The past 30 years has seen manufacturing jobs drop from 19.5 million to 11.8 million.

Ohio lost 3,500 factories in 10 years, the number of manufacturing operations falling 18 percent from 19,697 to 16,159. That has led to the loss of 369,097 jobs in Ohio since 2001, federal figures show.

President Obama in his State of the Union address used the term “manufacturing” 18 times, struck a theme of reversing the offshoring trend, and talked up the resurgent auto industry.

“Today, General Motors is back on top as the world’s No. 1 automaker. Chrysler has grown faster in the U.S. than any major car company. Ford is investing billions in U.S. plants and factories. And together, the entire industry added nearly 160,000 jobs. What’s happening in Detroit can happen in other industries.”

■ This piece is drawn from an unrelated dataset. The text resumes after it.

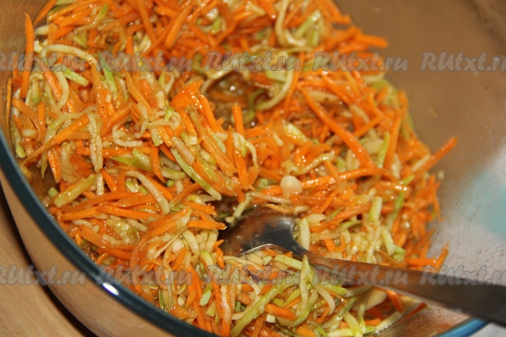 Тщательно перемешать овощи, влить уксус и масло. Хорошо перемешать кабачково-морковную смесь, накрыть крышкой и поставить на сутки в холодильник.

Ohio Gov. John Kasich said Friday that it’s urgent the manufacturing industry better communicate anticipated work force needs to education and government, saying the situation is a “total breakdown in work force training.” But he called the issue “all fixable” with cooperation. “If a company doesn’t tell me what they need, how do we fix it? People gloss over the hard stuff. Things like this don’t happen by accident,” Kasich said.

New employment figures released Friday show that U.S. manufacturing gained 50,000 jobs in January 2012 — the biggest montly gain in that sector since August 1998.

“The surge in job growth is a clear sign that American manufacturing can be competitive globally, said Scott Paul, executive director of the Alliance for American Manufacturing. “President Obama is right to focus on an array of policies to boost domestic manufacturing jobs, and we need Congress to act. There is still a long way to go to get manufacturing jobs and output above prerecession levels.”

John Russo, coordinator of labor studies at Youngstown State University, sees the discussion being driven by frustration over high unemployment, which his research puts far higher than the official figure when the discouraged and underemployed are counted.

“I would argue to you we are in a depression,” he said. “There is an enormous amount of discontent and they are looking for answers. Obama’s speech was an attempt to find a middle road through this with tax cuts and helping small business people.”

A national poll of 1,200 likely voters jointly conducted by Democrat pollster the Mellman Group and Republican pollster Ayres, McHenry & Associates found that when given an “either/or” choice, 29 percent wanted Washington to focus on deficit reduction while 67 percent favored job creation.

Creating manufacturing jobs was the top priority selected for Obama and respondents rejected the idea that high tech or service jobs could replace manufacturing.

More importantly, the poll said, there’s intensifying bipartisan agreement for “Buy American” policies and ending trade that favors foreign goods.

“What this survey demonstrates is Americans believe a strong manufacturing sector is a central requirement of a strong economy,” pollster Mark Mellman said Thursday. “The public is willing to take a wide variety of measures to strengthen manfuacturing because they realize it is central to our economic health.”

In his State of the Union, manufacturing revival was the president’s unifying theme. He proposed a policy shift to change tax laws to reward companies bringing jobs back to the U.S. and eliminate tax breaks for companies that shift business offshore.

But for Ohio, the challenge is great given the magnitude of losses and slow pace of recovery. The Ohio Department of Job and Family Services reported in January that in 12 months, nonfarm wage and salary employment grew by 72,400, with manufacturing’s share at 18,300 jobs.

However, an encouraging study last year by The Boston Consulting Group, a global management consulting firm, highlighed favorable trends. It concluded that within the next five years, “the United States is expected to experience a “manufacturing renaissance” as the wage gap with China shrinks and certain U.S. states become some of the cheapest locations for manufacturing in the developed world.”

The study predicted less labor-intensive products made in modest volumes are most likely to return to domestic production, such as household appliances and construction equipment. It said labor-intensive goods produced in high volumes, such as textiles, apparel, and TVs, would likely continue to be made overseas.